Alma spoke. ‘You’re late.’

I didn’t answer.

‘Do you have a reason?’ Alma asked.

‘Yes.’

Alma raised her eyebrows as if waiting for an explanation. I looked back at her calmly. The silence stretched out.

Druss broke it, rapping his thick fingers sharply on the table. ‘Well,’ he said, ‘since you’ve finally shown up, maybe you can tell us when Drakh’s going to grace us with his presence.’

I pulled out one of the chairs. It slid smoothly on the polished floor, and I sank into the soft leather. To my right, Ji-yeong followed my lead. ‘Oh, he’s here already,’ I said. ‘He’s just deciding when to make his entrance.’

‘Then,’ Alma said sharply, ‘perhaps you should tell your master to make it.’

‘He hasn’t been my master for a very long time,’ I told Alma, ‘and he’s not my master now. If you want to pass him a message, I’m sure you can find a way.’

No one else on the Council side seemed inclined to speak. Lyle, Talisid, Nimbus and Maradok are all important in their own ways, but Druss and Alma are in a totally different league. Ji-yeong was also staying quiet. Dark mages pretend sometimes that they’re above the Council, but any of the mages sitting opposite us could crush Ji-yeong with a word, and she clearly knew it.

Alma made a disgusted noise. ‘This is a waste of time.’ She glanced at Druss. ‘We should leave.’

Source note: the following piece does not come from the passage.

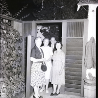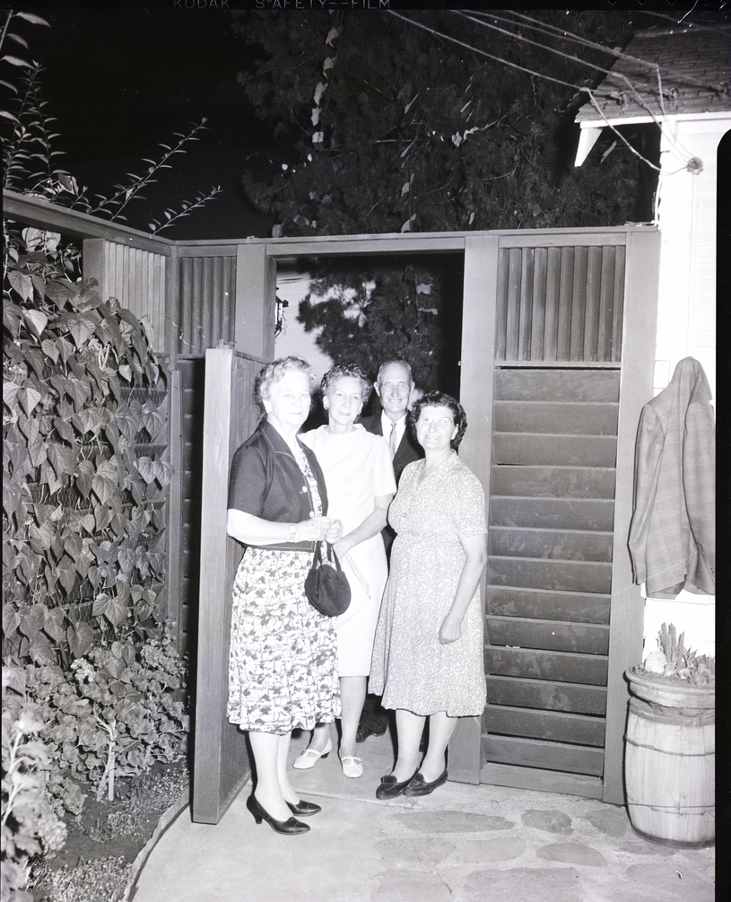 The Art Guild of the Magic Valley gathers in the backyard of the home of Mr. and Mrs. Earl Peck for a barbecue to mark the end of the fiscal year. From left to right are Mr. and Mrs. Don Brannen, Mrs. Walter Hann, and Mrs. Lillian Voellers. The women are wearing dresses and Mr. Brannen is wearing a suit and tie. Ivy vines are draped over the side wall. To the other side of the doorway, a plaid jacket hangs on the side of the house, and a barrel planter of cacti sits below it. A fir tree is in the background.
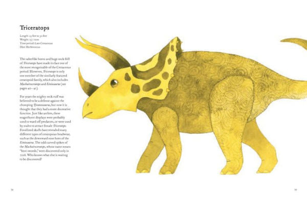 Did you know that Argentinosaurus was as heavy as a herd of elephants? That Mosasaurus was three times the length of a great white shark? That Microraptor was the size of a pigeon but with four wings? This magnificent book imagines dinosaurs as they might well have been, based on recent findings—feathered, finned, and full of color. Gorgeous watercolors accompany surprising, little-known, and fun-to-tell facts about dinosaur behavior, habits, and appearance, bringing these prehistoric creatures to life in a new way. This fascinating book will delight dinosaur fans, young and old.

‘You aren’t going to leave,’ I told her.

‘You’re giving us orders now, Verus?’

‘You came out here with two Senior Council, five other mages of varying seniority, four mantis golems, and a bunch of security,’ I said. ‘You wouldn’t have done that if you were planning to walk out.’

‘That what you think?’ Druss said.

‘What I think,’ I said, ‘is that as soon as Drakh got in touch with you last night, you called up Alaundo and Helikaon and every other diviner you keep on retainer. You told them to drop whatever they were doing and find out whether Drakh was telling the truth, right now. And after they got done being pissed off about being hauled out of bed, they did exactly that. Now, what they said when they got back to you, I don’t know, but just from the fact that you’re sitting here at this table, I can make a good guess.’